Did you know that the average American generates about 66 pounds of landfill waste each month? For a family of four, that 264 pounds a month, or 3168 pounds a year. Disgusting, yes? Last week a friend of mine yesterday turned me onto a website by one of her neighbors who is trying to do something about it.

This nuclear family of two working parents, two children, and two pets is challenging itself--and its website readers--not just to follow the three R's of reduce, reuse, recycle, but to keep a chart. Weigh the garbage and the recycling. Continuously seek ways to reduce waste.

"Just like going on a food diet, you'll have more success if you can adopt a diet change you can live with for a lifetime," explains the author of the website, titled The Waste Diet. "So that has become our goal to create a lifetime plan to reduce waste without changing our lives (too much)."

Their experiment is entering its third month. In February, they cut their landfill waste by almost 12 pounds (to 27 pounds below the national average) and recycling waste by 27 pounds--all through relatively simple steps like buying larger quantities to reduce packaging, repairing items rather than throwing them away, shopping at thrift stores, and avoiding excess paper products.

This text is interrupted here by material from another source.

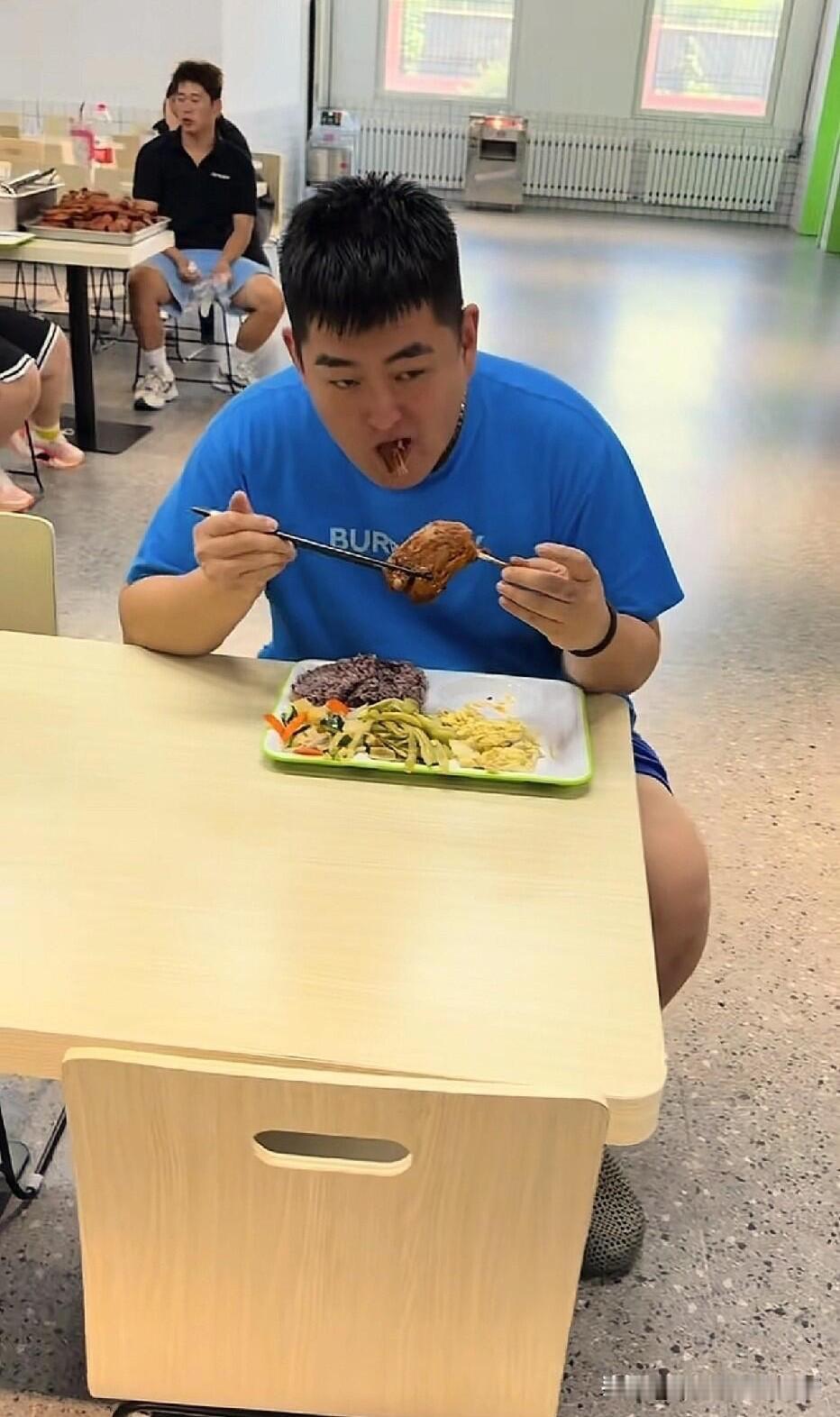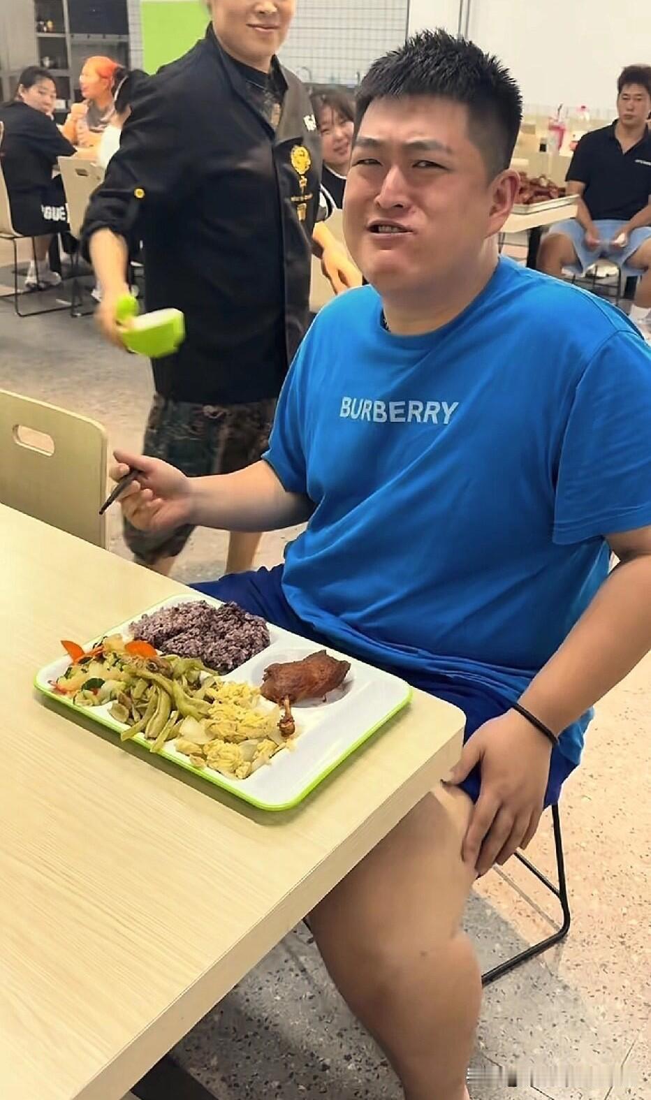 赵本山的儿子赵一楠,这身材估计得有180斤了吧,虽身材高大,但他也吃的很普通,没有大鱼大肉的,吃的跟平常人差不多的盒饭,很接地气。 只不过他看着长相朴实,和星二代郭麒麟他俩却有着天壤之别的气质。
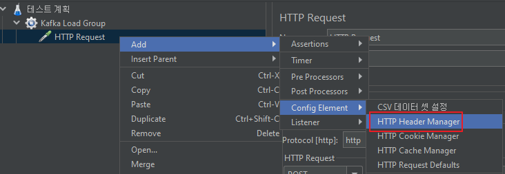 이제 위에서 만든 HTTP Request를 우클릭하여 Add → Config Element → HTTP Header Manager를 클릭해주세요.

Other steps, like composting and becoming a vegetarian, require more of a commitment. But as the website's author advises, "Make a goal how to improve, even if it’s just one thing at a time. Doing something is better than doing nothing at all. "

3 comments:

Just A Stay At Home Mom said...

wow! what an idea! I don't know if we could ever become so commited!

Nora said...

Interesting post. I think not a lot of people know about this so they don't do anything about it. I think knowledge and awareness is key.

Sarah McBride said...

I like how you say small change, just one thing at a time.
Most people are so busy trying to change everything at once they become discouraged.
We too have been tryign to be more eco conscious and composting and recycling. Thank you for helping people become more aware of this growing problem of waste pile up.